Don't know what all the other bots really are for, but I see no reason for them to take my content at my bandwidth's expenses.
And for those abusive bots not complying with robots.txt, there are some additional .htaccess rules and a bot trap.
Case closed, and my sites' logs look much cleaner now.
Kind regards,
R.
Don't know what all the other bots really are for, but I see no reason for them to take my content at my bandwidth's expenses.
And for those abusive bots not complying with robots.txt, there are some additional .htaccess rules and a bot trap.

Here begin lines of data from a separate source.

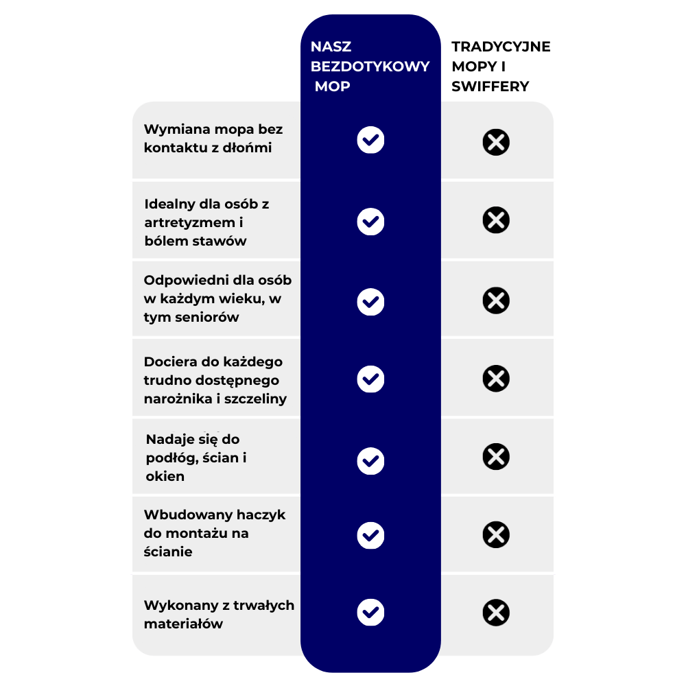 Przejmij kontrolę nad sprzątaniem już dziś. Dlaczego wciąż używać brudnych, pełnych bakterii głowic mopów lub wydawać pieniądze na drogie wkłady? Dzięki poręcznemu mini mopowi z wymienną ściereczką sprzątasz dom czyściej, łatwiej i taniej.
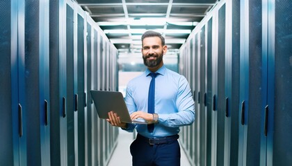 A bearded IT specialist stands confidently in a server room, holding a laptop, and surrounded by rows of server racks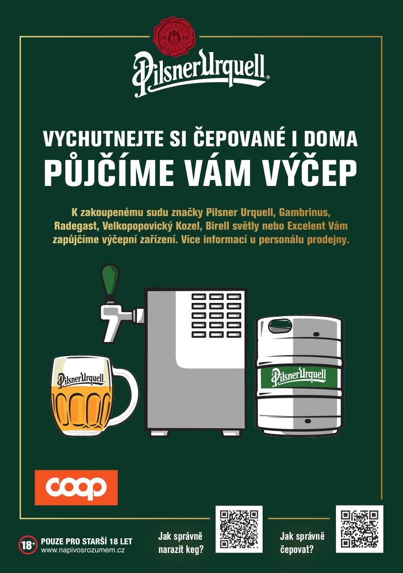 Na našich vybraných prodejnách si můžete zakoupit sudové pivo a zároveň máte možnost zapůjčit si výčepní zařízení.

Case closed, and my sites' logs look much cleaner now.
supports Crawl-Delay
Only per-domain-name, not per-IP-address. So if you're hosting lots of domain names then it'll still crawl at a maximum rate of 50 hits/second (across all the different sites), even if you do set Crawl-Delay. That's my understanding.
pass judgement without understanding the nature of the beast
Well, I have exchanged emails with one of the bot's authors (totally unhelpful), and the network admins at Texas A & M (helpful). So I'm not saying I've seen the bot's source or anything like that, but I have got a decent picture of what they're up to.
'attitude of entitlement'
That's certainly the author's attitude. I've felt tempted to send him an invoice for the extra resources he's told me we ought to buy in order to cater for him.
All the best, a.
So if you're hosting lots of domain names then it'll still crawl at a maximum rate of 50 hits/second
That may be true, but if you had 100 domains and this crawler each is set to crawl-delay 100 in each domain, then even asking for 50 hits/second it could only ask for 100 pages in 100 seconds tops which would throttle it somewhat.

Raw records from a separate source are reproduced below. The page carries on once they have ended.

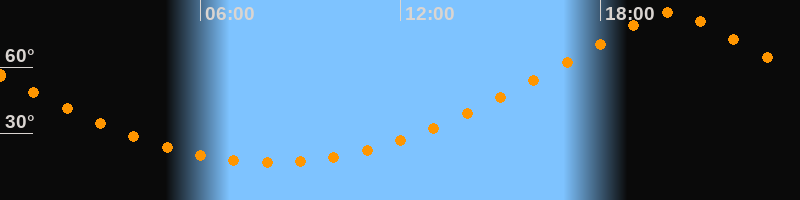 | Höchster Stand (Kulmination) | 20:07 Uhr (h = 84,6°) |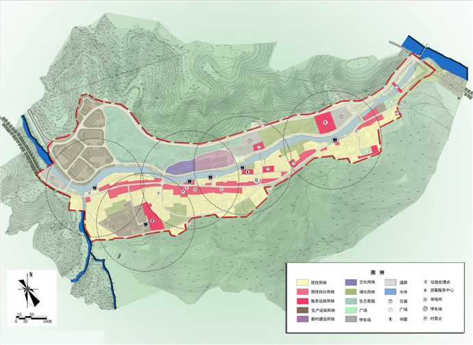本次规划中依托古山重厚重的文化底蕴,调研“薛氏家庙、茄萣公园”等闽台同源的见证,深挖“千年古樟、宋代水尾塔、昭灵宫、许愿古樟、林氏祖厝、盂宁堡、大社古城墙、鹅卵石古巷道”等旅游资源,通过对宋江阵、赛大猪、提线木偶、巴音大鼓吹、山重婚俗”等传统技艺的梳理,沿用“修旧如旧”的保护手法,形成“一环、一带、六区”的规划结构,通过界定“核心保护区、建设控制地带、环境协调区”等三个保护层次,通过古山重传统村落保护与发展相互协调,将古山重打造为马洋溪生态旅游区的又一“旅游明珠”。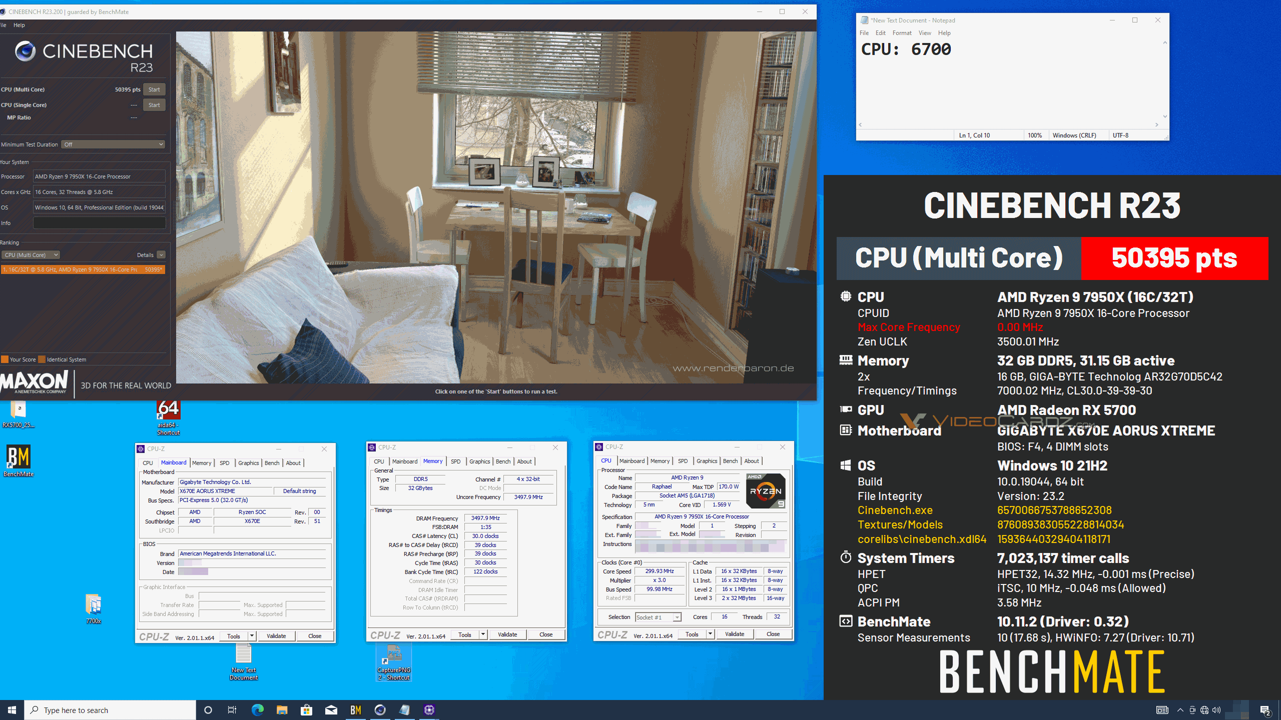 Во-первых, Sampson выложил на HWBOT пару результатов Ryzen 9 7950X в дисциплинах Cinebench R20 и Cinebench R23 на частоте 6450 МГц и 6513 МГц. Но что более интересно, другой энтузиаст Zed3 поделился еще одним скриншотом, на котором указана максимальная частота 6700 МГц и результат в Cinebench R23 на уровне 50 395 очков.
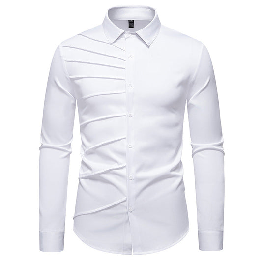Herren modisches Langarmhemd mit ausgefallenem Falten-Design Stilzeits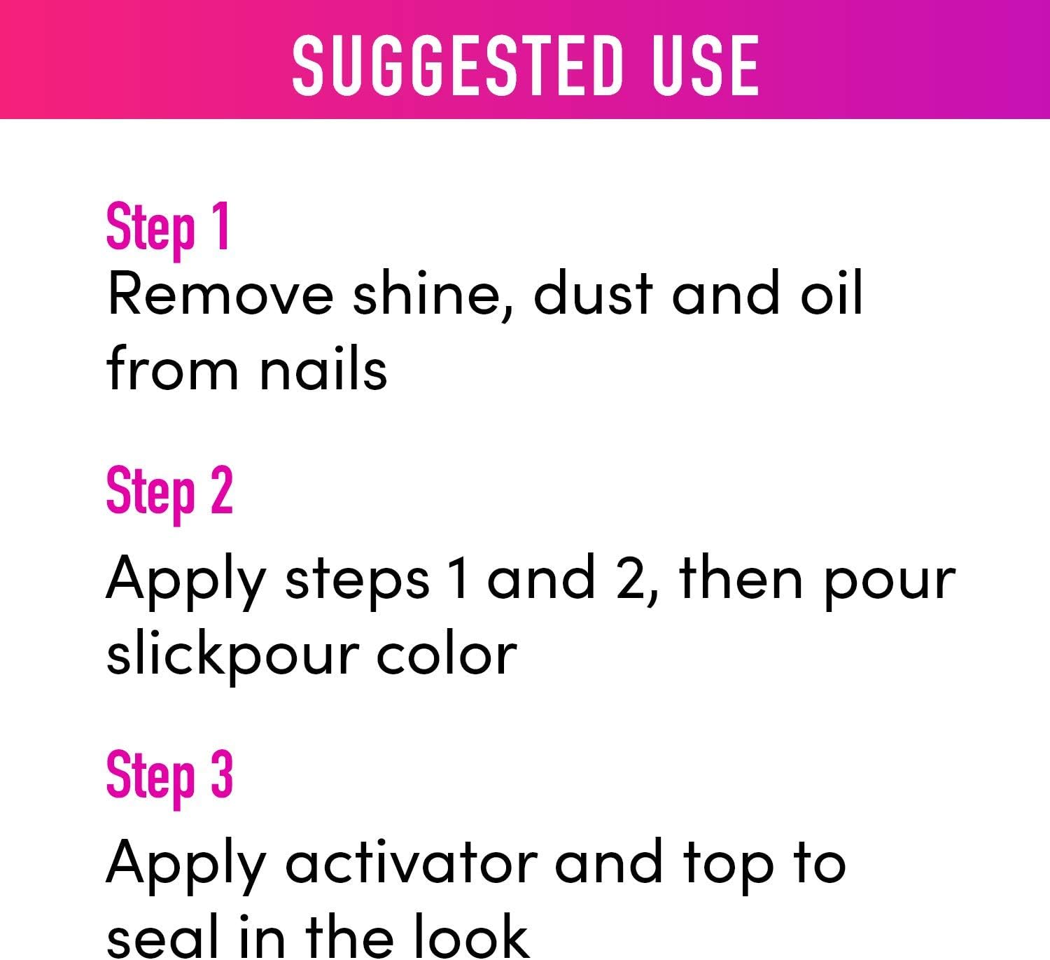 • Four-Step System - The SlickPour System is a four-step process requiring SlickPour prep, base, activator and top coat. Over 80 dip powder colors are available. No UV/LED light needed, as it's an air-dry system.

I'd probably set it to crawl delay 3600 or higher just for giggles ;)
They really need to rethink 50 hits/second though as that can bring some dynamic sites, like an ecommerce server, to their knees. Assuming it takes 1 second to respond to the request with complex backend database processing and such, it would barely process 50 requests in a second. Now assuming lots of visitors and other search engines also making casual requests at the same time, it would start to lose the battle and requests would build up a backlog until the machine was 'hung' until it could process out all of those pending requests.
Basically, the box would appear frozen to visitors and search engines at that time until the queue clears.

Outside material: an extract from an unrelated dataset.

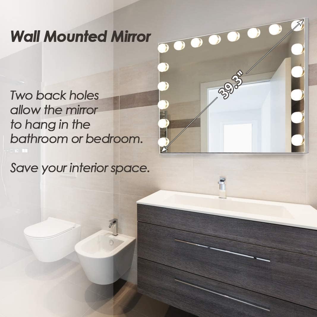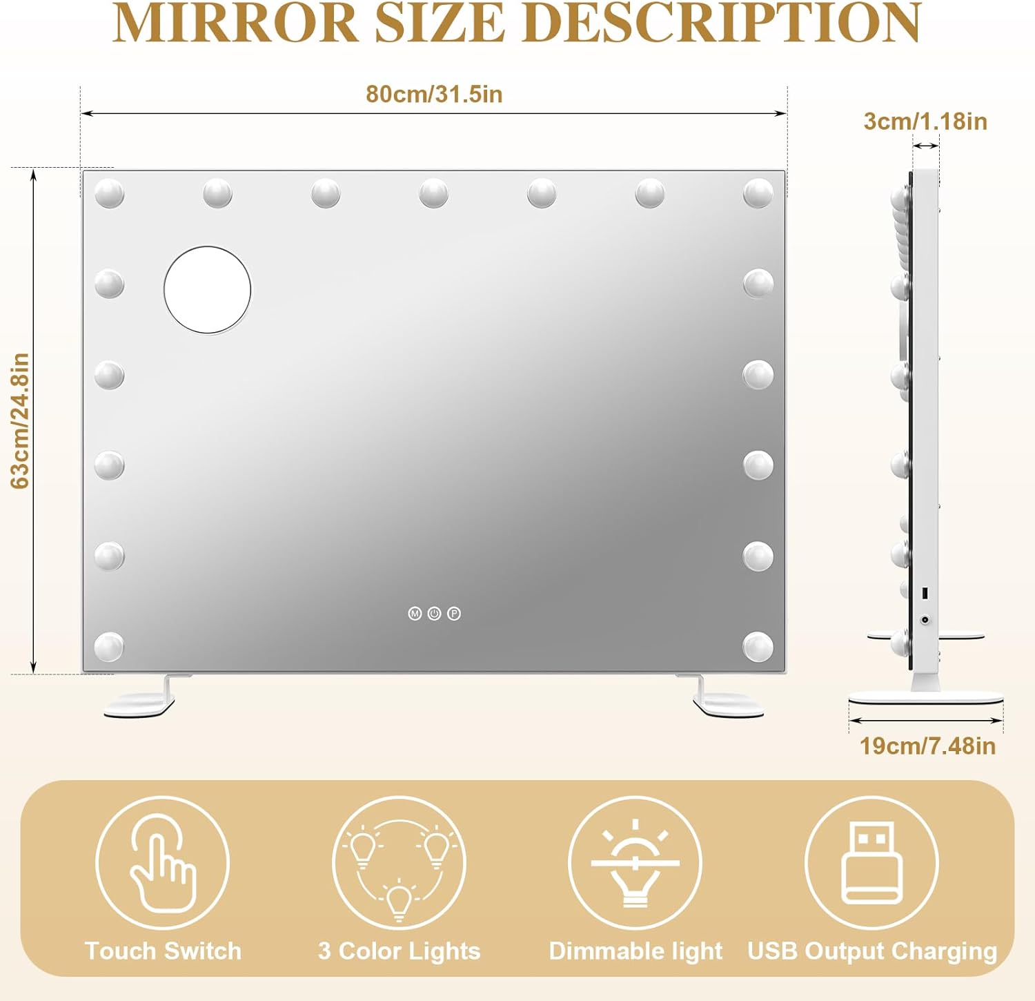 Moziel 90x60cm Specchio da Trucco Hollywood, Specchio Trucco con Luci a 20 Led Montato a Parete o sul Tavolo, 3 Colori di Luce e Funzione di Luminosità Regolabile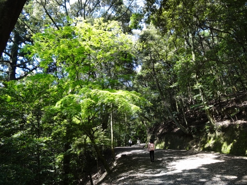 主人と二人で、春日山原始林を通って、若草山の山頂へ行きます。

I know this happens as that's what a certain Chinese crawler kept doing to my site making 100s of requests a second. That's why I now throttle sites from making rapid requests and just give them a timeout instead of letting them chew up the CPU crunching out dynamic pages.
I added --
<!--#exec cmd="sleep 3"-->
-- atop every daily-spidered .html page (about 140 or so).
C'mon. It's just three seconds.
Visitors clicking along (most of the pages are next-back linked, and thus all too easily scraped) don't notice the delay because the pages are study-oriented. Bots literally cannot run through them at too-high speeds. And if I spot a new offline-downloader or whatever doing its thing, I still have time to kick 'em before they're done.
I know a lot of you use throttling scripts based on a user's IP, etc., and I'd love to do the same. I looked into a score of similar programs and mod_bwshare [webmasterworld.com] would solve a boatload of my bandwidth problems, but alas, I can't get it to install. So for now, "sleep 3" works for me. FWIW.
This bot doesn't take your content, it's an internet topology project that only looks at link networks.
BTW, when contacting suspected owners of bots I've found it helps to write an emotionally neutral e-mail. Don't antagonize someone that you want help from. I'm not accusing anyone of anything. It's just a hopefully helpful piece of advice.